Les Gouvernements néerlandais, français et austro-hongrois ont adopté à cet égard une réglementation qui a produit de bons résultats.

«

Les pèlerins néerlandais doivent avant le départ avertir le chef de district qui examine s'ils possèdent l'argent nécessaire pour le voyage et pour l'entretien de leurs familles. Ils doivent, en tout cas, avoir au moins disponible une somme de 1,000 francs. Tous les pèlerins qui s'embarquent dans un port de l'Algérie doivent justifier également de la possession d'une somme de 1,000 francs, somme reconnue indispensable pour effectuer le voyage.

Les pèlerins bosniaques et herzégoviniens, d'un autre côté, n'obtiennent l'autorisation de se rendre aux lieux saints de l'Islam qu'après avoir prouvé qu'ils possèdent les ressources nécessaires (500 florins au minimum).

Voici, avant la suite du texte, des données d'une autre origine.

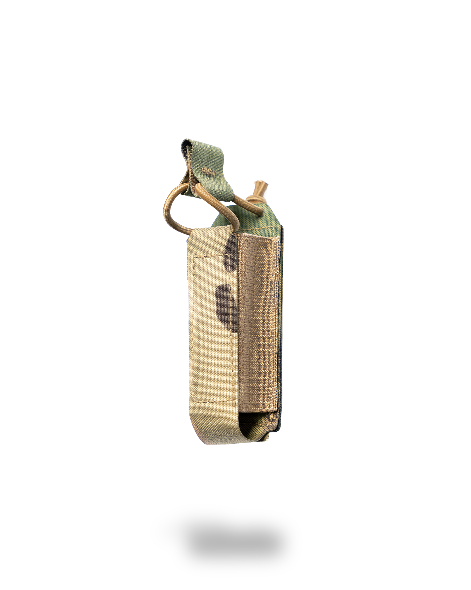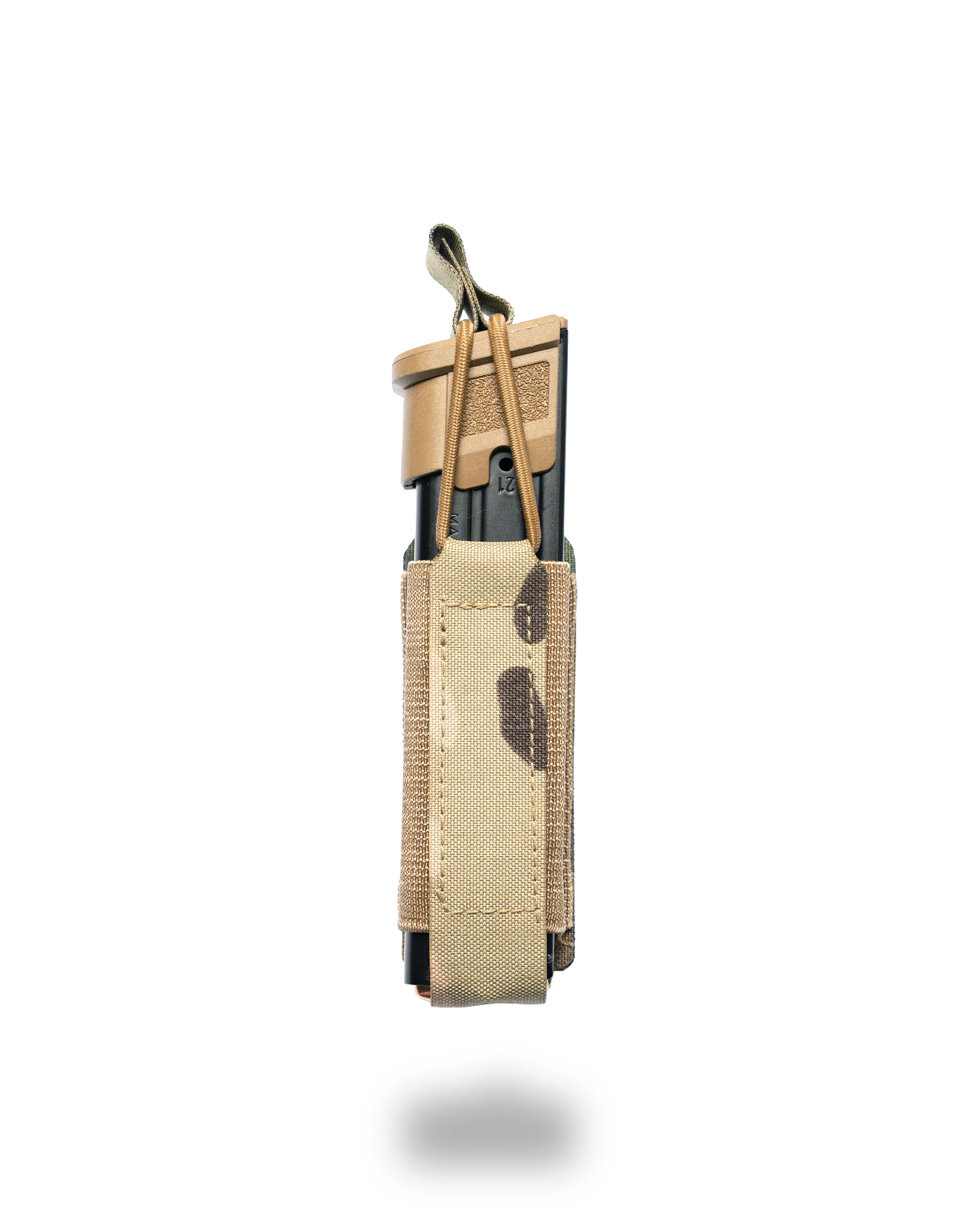 Elastic MOLLE Pouch (EMP) for pistol magazines. Mini MOLLE for belt mounting and reinforced Curv (Thermoplastic) back. Active retention kit included.

« De telles prescriptions devraient être, plus que partout ailleurs, adoptées aux Indes Britanniques, où il existe des foyers permanents de choléra, et par le Gouvernement ottoman à l'égard de ses pèlerins qui, bien souvent, viennent de lieux infectés.

« D'aucuns voudraient voir dans ces conditions imposées au pèlerinage une atteinte à la liberté des pratiques religieuses, que le Gouvernement Britannique, comme tous les autres Gouvernements, tient à laisser complète dans toutes ses possessions.

« L'opinion générale de la Commission a été qu'il ne s'agit nullement, par ces restrictions, d'interdire le pèlerinage, mais seulement de le réglementer. En exigeant du pèlerin des ressources nécessaires, on n'interdit pas son départ, on ne fait seulement que l'ajourner. On lui indique qu'il doit amasser le pécule nécessaire pour entreprendre un voyage qu'il considère comme un devoir religieux.

« L'expérience apprend que le pèlerin ainsi averti et conseillé sait toujours réunir la somme dont il a besoin, soit par son travail, soit autrement.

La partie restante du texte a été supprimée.